If military intelligence is sometimes divided into strategic, operational and tactical intelligence, the same basically goes for media intelligence. Within the commercial business sector media intelligence is often roughly divided into: (A.) business intelligence (on a particular company level), and (B.) competitive intelligence (between similar companies regarding for example shared markets). In general, the latter is different from the former since it uses and analyses data outside company firewalls. However, during the last decade—mainly due to profound technological changes brought about by digitisation—the specificities of and boundaries between business intelligence and competitive intelligence have been modified. When society is gradually turning into a market of different mediated “value networks”, as Sven Hamrefors argued in 2010, “communication functions can no longer stay in their restricted domains and only deal with traditional communication issues” (Hamrefors, 2010). On the one hand, intelligence on a strategic business-to-business-level hence should not be separated from a more practical business-to-consumer-level. On the other hand, an increasing number of companies (foremost within the tech domain) operate in different market segments, making it more or less impossible to intelligence and monitor all relevant markets. The most obvious example is Google, which started with search, soon began making operating systems, run different forms of content platforms—and now even produces cars. The same can be said of an international media group as Schibsted who does business in a number of different digital domains (publishing, online marketplaces and services).

In more concrete terms, media intelligence uses data and computer science methods to analyse both social media and editorial media content. In general, within business intelligence today, it is often argued that a brave new world of insight awaits intelligence companies and their customers, if they have the courage—or the financial abilities—to analytically start working with the exponentially growing volumes of unstructured and semi-structured data—especially from new data sources as machines, sensors, logs, and (non-textual) social media and streaming data. Basic implementation for media intelligence involves curating data, keyword references and semantic analyses, as well as natural language processing via machine learning algorithms. In essence, most practices and operations are concerned with turning text into data for analysis. Text is hence still the dominant modality for most media intelligence operations, yet other modalities (images, sound and video) have during the last decade become increasingly important, especially in different social forms.

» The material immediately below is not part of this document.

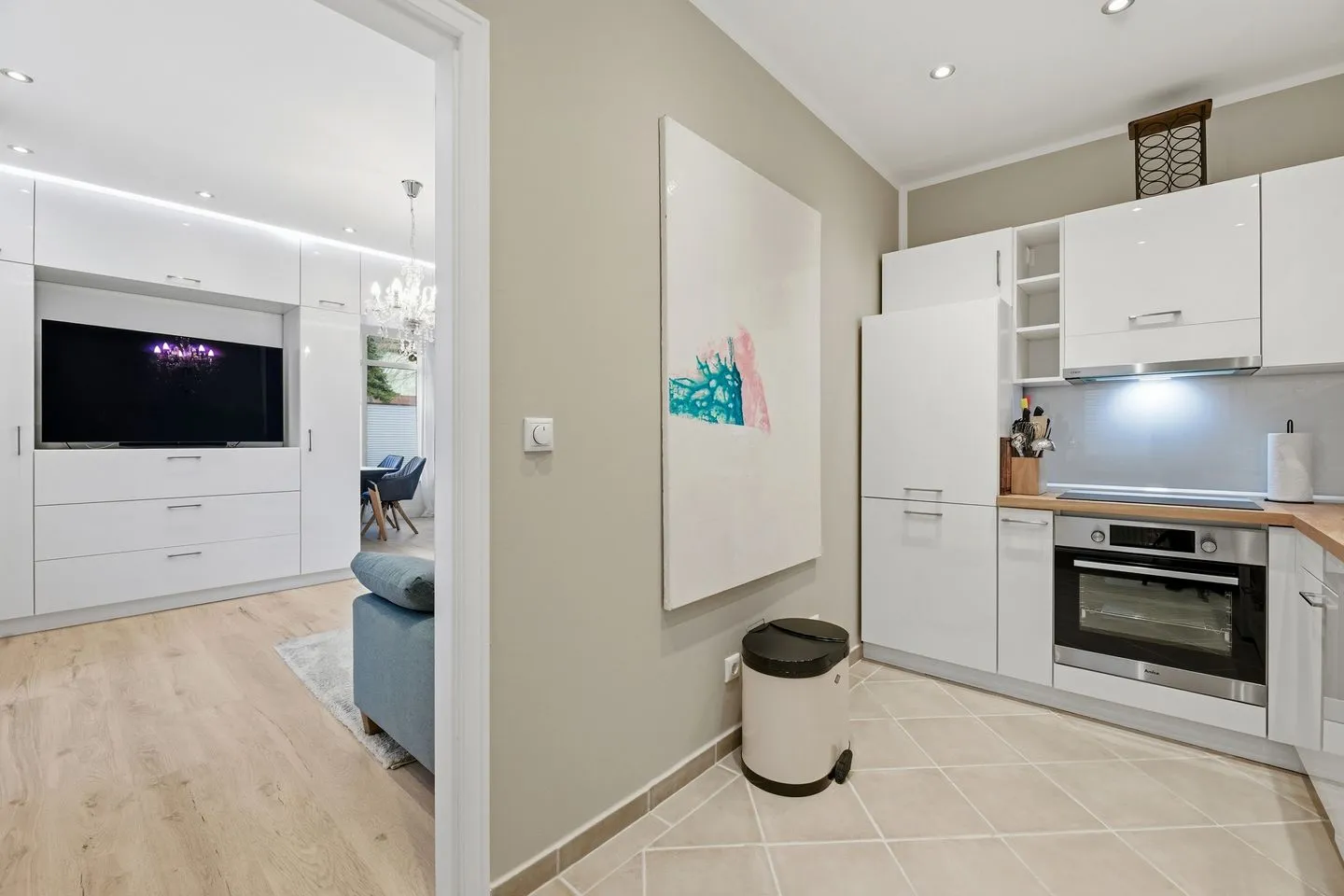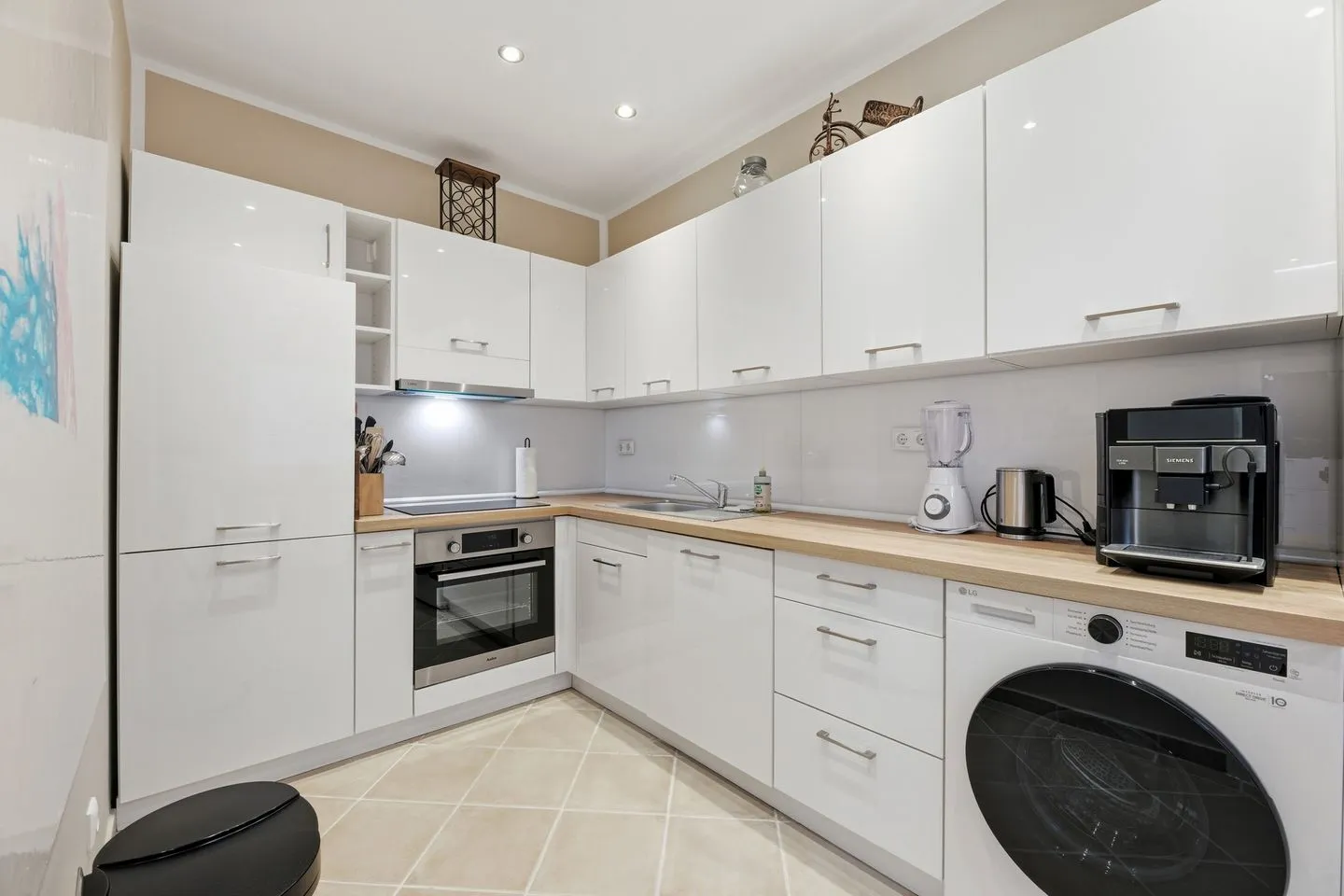 Im Wohnbereich stehen Ihnen WLAN, zwei TVs mit Satellitenanschluss, internationalem Kanalangebot und einer Bildschirmgröße von 44 bis 55 Zoll sowie eine Sofaecke zur Verfügung. Essbereich, Esszimmer, Wohnzimmer und Wintergarten schaffen vielseitige Rückzugs- und Aufenthaltsmöglichkeiten. Die geschlossene Küche ist umfassend ausgestattet mit Ceranherd, Backofen, Mikrowelle, Spülmaschine, Kühlschrank, extra Gefrierschrank, Kaffeemaschine, Toaster, Wasserkocher, Mixer sowie Geschirr, Besteck, Küchenutensilien und Geschirrhandtüchern. Auch Erstausstattung und Reinigungsmittel sind vorhanden.
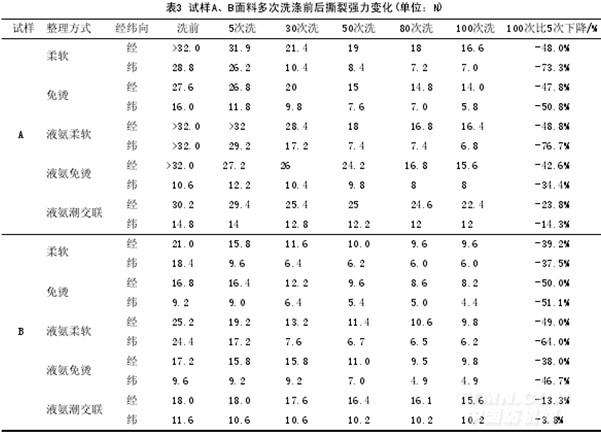 由表3明顯看出,隨著洗滌次數(shù)的增加,撕破強(qiáng)力明顯呈下降的趨勢(shì),平均下降40%左右,但潮交聯(lián)整理強(qiáng)力下降平均只有15%左右,這是因?yàn)樵诔睉B(tài)工藝下,水更容易拆散纖維內(nèi)部的一些薄弱環(huán)節(jié),在此狀態(tài)下發(fā)生的分子間交聯(lián)更加均勻,因此其強(qiáng)力受洗滌影響較少。

Most forms of media intelligence, departs from the ways in which we currently are enmeshed in an “interconnected communications ecosystem wherein social and traditional media sources feed each other for stories and conversation, and those conversations are supercharged by social technology” (Nuccio, 2015). Media intelligence hence refers to computational solutions that tries to synthesise innumerable online conversations into (more or less) appropriate insights that allow companies and organisations to manage, and sometimes even measure content performance and trends—with the paramount purpose to better forecast business strategies. As is to be expected, companies working within the intelligence business sector offer quite different suggestions as to what media intelligence actually means: “Media intelligence is the process of gathering all the data available through social media and news media outlets and analyzing the data to allow for better business decision making”, according to CustomScoop (2016); Volicon is said to be the “leading provider of enterprise media intelligence solutions serving the needs of broadcasters, networks, cable operators, and governments worldwide” (Volicon, 2016); and M-Brain states that its media intelligence solutions are designed to “monitor and measure your publicity and reputation” (M-Brain, 2016). What these companies have in common, however, is that they gather massive amounts of data points from user-generated content on social media sites, blogs and comment fields, combining these with traditional mass media output and other forms of publicly open data, all in order to provide—and ultimately sell—real-time insights and suggestions based on verifiable data. Media intelligence is hence, always about selling trust.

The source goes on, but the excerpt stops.